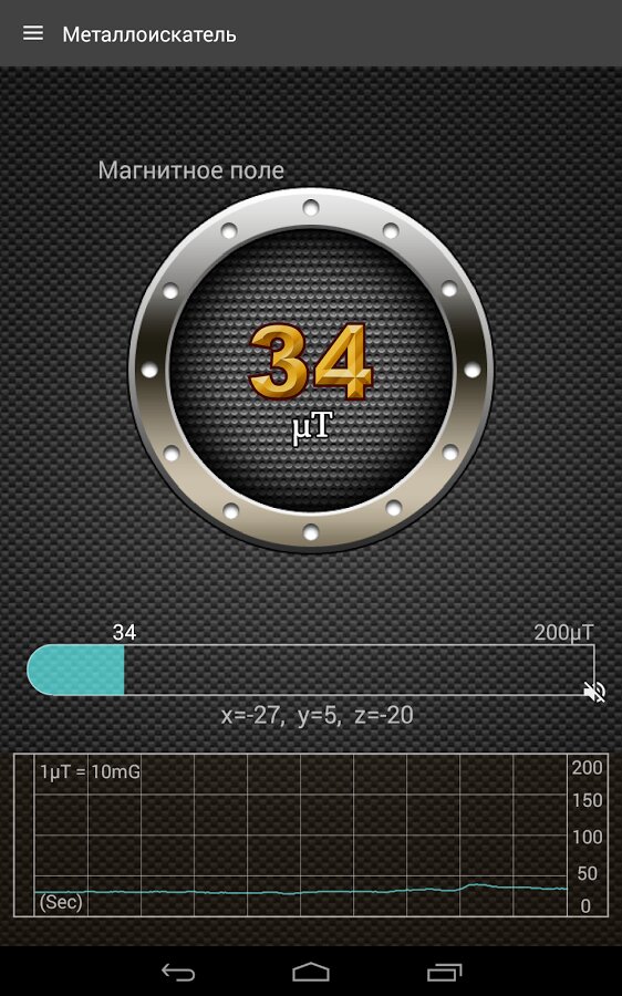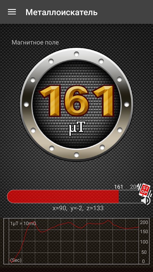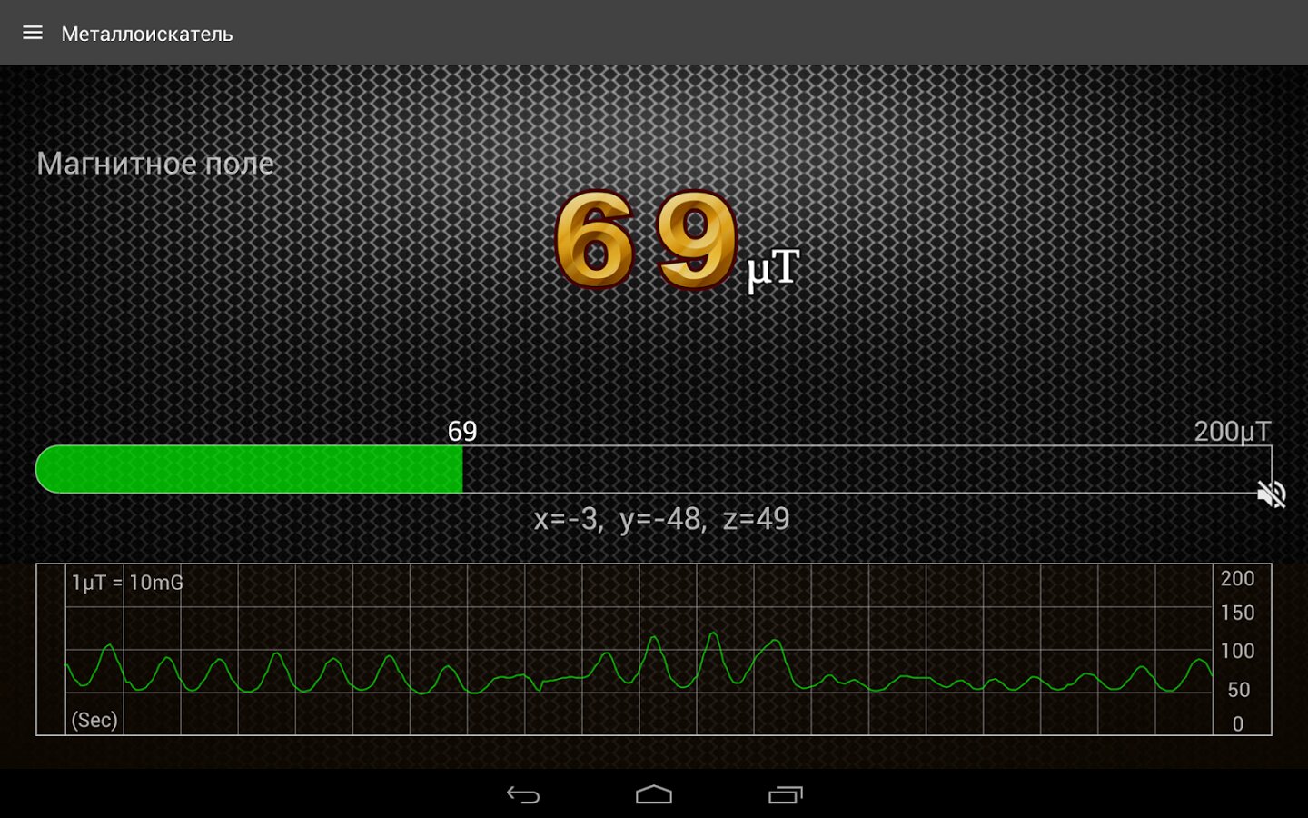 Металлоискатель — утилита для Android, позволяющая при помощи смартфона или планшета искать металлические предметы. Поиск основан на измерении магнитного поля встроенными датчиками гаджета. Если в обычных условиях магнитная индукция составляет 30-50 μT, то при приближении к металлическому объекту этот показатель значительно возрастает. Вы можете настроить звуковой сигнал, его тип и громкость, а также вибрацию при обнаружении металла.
========================
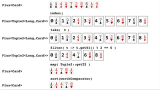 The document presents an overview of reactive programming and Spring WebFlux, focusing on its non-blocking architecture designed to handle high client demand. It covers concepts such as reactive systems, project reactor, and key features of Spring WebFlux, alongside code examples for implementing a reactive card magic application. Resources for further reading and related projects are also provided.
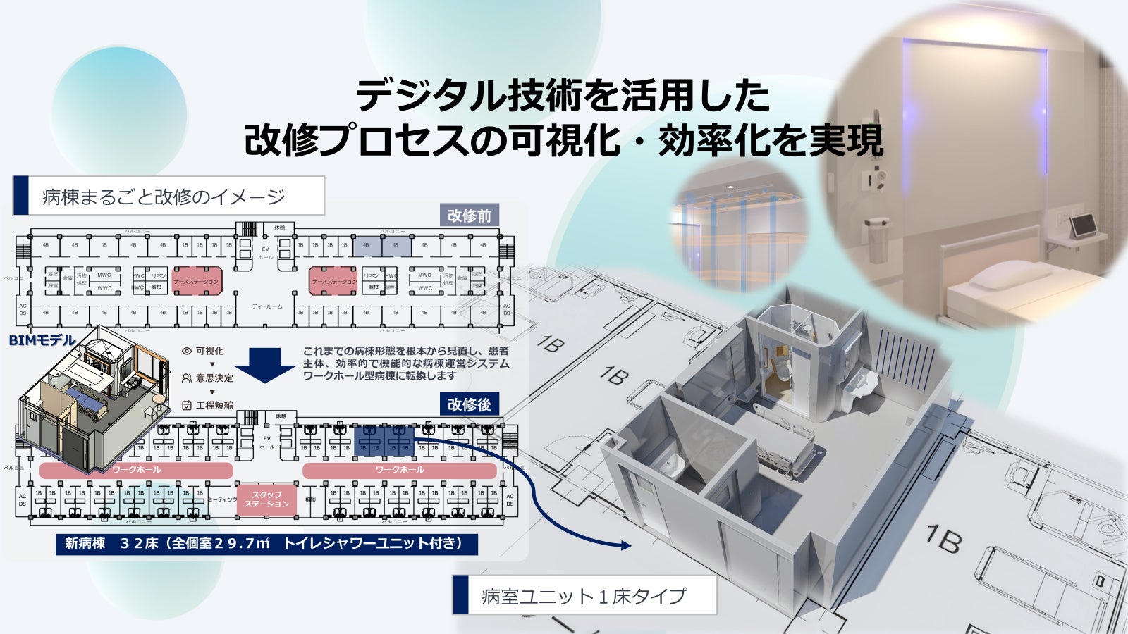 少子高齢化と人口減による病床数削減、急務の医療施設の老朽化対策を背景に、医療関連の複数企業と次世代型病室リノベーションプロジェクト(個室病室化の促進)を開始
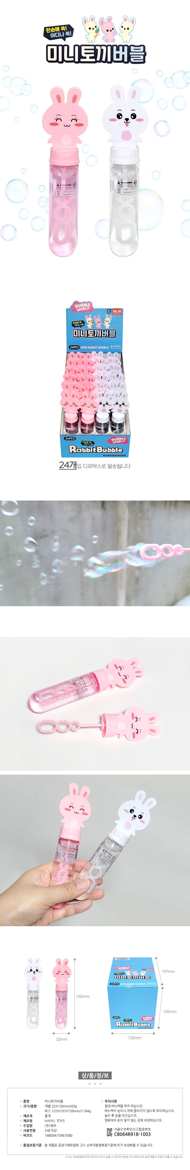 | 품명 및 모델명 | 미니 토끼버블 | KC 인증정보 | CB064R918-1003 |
========================
▶ _What to produce_
Repeat exactly the stretch of the listing above that starts with the line holding "The document presents" and finishes with the line holding "인증정보 | CB064R918-1003 |", both included. Skip every picture.

▶ _Output of the task_
 The document presents an overview of reactive programming and Spring WebFlux, focusing on its non-blocking architecture designed to handle high client demand. It covers concepts such as reactive systems, project reactor, and key features of Spring WebFlux, alongside code examples for implementing a reactive card magic application. Resources for further reading and related projects are also provided.
 少子高齢化と人口減による病床数削減、急務の医療施設の老朽化対策を背景に、医療関連の複数企業と次世代型病室リノベーションプロジェクト(個室病室化の促進)を開始
 | 품명 및 모델명 | 미니 토끼버블 | KC 인증정보 | CB064R918-1003 |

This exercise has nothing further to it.